Page 1 of 1

ML_ISTART = 1 doesn't work with different element types - v6.4.1

Posted: Wed Jun 28, 2023 2:26 pm
by john_martirez1
ML_AB file has H O, training for system with H O and C. Just terminates early, not even an SCF gets done.
OK with ML_ISTART = 0.

Re: ML_ISTART = 1 doesn't work with different element types - v6.4.1

Posted: Wed Jun 28, 2023 2:35 pm
by ferenc_karsai
Please send all necessary files to be able to run and check the calculation.
This means POSCAR, POTCAR, KPOINTS, INCAR, OUTCAR, ML_AB, ML_LOGFILE and stdout.

Re: ML_ISTART = 1 doesn't work with different element types - v6.4.1

Posted: Wed Jun 28, 2023 2:53 pm
by john_martirez1
thanks for the quick reply. See attached files.

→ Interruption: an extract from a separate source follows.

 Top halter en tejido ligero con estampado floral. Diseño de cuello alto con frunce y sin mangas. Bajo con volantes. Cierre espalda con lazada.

Re: ML_ISTART = 1 doesn't work with different element types - v6.4.1

Posted: Wed Jun 28, 2023 3:29 pm
by john_martirez1
I found the reason, there's a significant jump in memory requirements from ML_ISTART = 0 to ML_ISTART = 1.
I increased mem/cpu to 9200 MB, and then it worked.

Hopefully, memory allocation can be improved in the future for ML_ISTART = 1? Or am I missing something?

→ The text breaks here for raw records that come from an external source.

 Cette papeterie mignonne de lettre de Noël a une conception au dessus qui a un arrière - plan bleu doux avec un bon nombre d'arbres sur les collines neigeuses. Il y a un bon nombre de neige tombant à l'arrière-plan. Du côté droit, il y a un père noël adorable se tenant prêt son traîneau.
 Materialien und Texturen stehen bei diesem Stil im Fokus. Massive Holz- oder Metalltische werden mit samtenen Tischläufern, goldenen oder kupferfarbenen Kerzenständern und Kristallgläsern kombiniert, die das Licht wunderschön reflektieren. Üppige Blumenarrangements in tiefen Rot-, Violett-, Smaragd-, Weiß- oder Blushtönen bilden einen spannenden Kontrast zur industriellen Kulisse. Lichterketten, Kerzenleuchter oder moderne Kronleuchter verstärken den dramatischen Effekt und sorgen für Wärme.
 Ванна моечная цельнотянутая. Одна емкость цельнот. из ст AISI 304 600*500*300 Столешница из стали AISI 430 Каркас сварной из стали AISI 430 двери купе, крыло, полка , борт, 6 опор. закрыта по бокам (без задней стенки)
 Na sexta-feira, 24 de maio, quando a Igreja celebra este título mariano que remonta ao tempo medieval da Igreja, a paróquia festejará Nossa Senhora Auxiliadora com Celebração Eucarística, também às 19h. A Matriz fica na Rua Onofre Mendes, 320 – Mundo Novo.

Re: ML_ISTART = 1 doesn't work with different element types - v6.4.1

Posted: Mon Jul 03, 2023 9:25 am
by ferenc_karsai
It's hard to do anything about the memory allocation.
Here some explanations:
At the moment we have to statically allocate memory at the beginning, this is mainly due to the use of shared memory MPI. We saw several times that one gets problems if shared memory MPI needs to be reallocated. I don't know if this problem will be ever solved for all compilers.

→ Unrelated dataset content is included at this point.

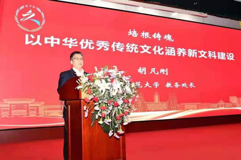 胡凡刚在会上以培根铸魂---以中华优秀传统文化涵养新文科建设”作典型发言,以高度的文化自觉承担起“以文化人,为国弘文”的神圣使命,介绍了曲阜师大传承弘扬优秀传统文化推进新文科建设主要做法和典型经验,就新文科建设时代内涵、价值意义和路径选择进行了探讨和交流。
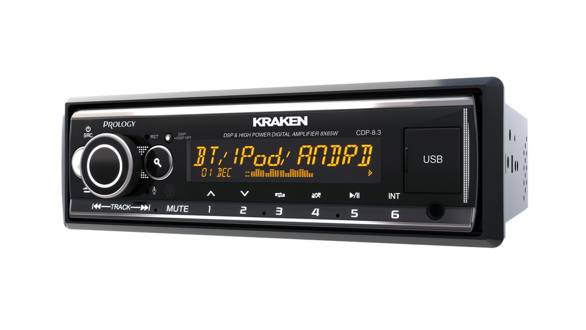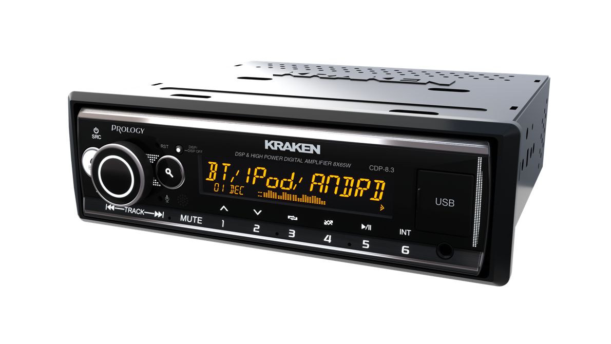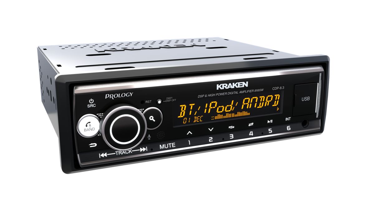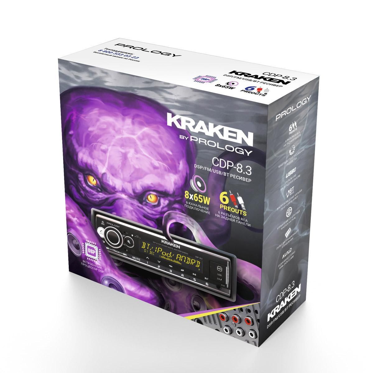 PROLOGY CDP-8.3 KRAKEN — 8 канальная автомагнитола, с цифровыми усилителями D-класса и максимальной мощностью 65 Ватт в каждом из 8-ми каналов. Теперь ещё и + 6 RCA (4 канальный линейный RCA аудиовыход для подключения внешних усилителей, 2 выхода RCA для подключения сабвуфера)!

So how can the memory grow so much in your case:
1) New element types entered the calculations. We use multidimensional allocatable arrays in fortran. So the local reference dimension will be allocated with the same maximum for all element types. Ideally one wants to have the same number of local reference configurations for all element types. Of course this is often hard to achive for dopands where we are limited by few atoms as local reference canditates from the training structures. In this case we waste some memory. Your case might belong to that.
2) It's a continuation run and if you don't specify anything then then on top of the already available data min(1500, NSW) is added. Please see the documentation of ML_MB and ML_MCONF (https://www.vasp.at/wiki/index.php/ML_MB and https://www.vasp.at/wiki/index.php/ML_MCONF). This default has worked until now quite nicely but if it turns out it's problematic for the majority of users then we will change that.

What can you do?
1) Check if you compiled with shared memory MPI ("-Duse_shmem").
2) Adjust ML_MB and ML_MCONF.
3) Go to a larger number of compute nodes since the design matrix which needs the most memory is distributed linearly over the number of cores.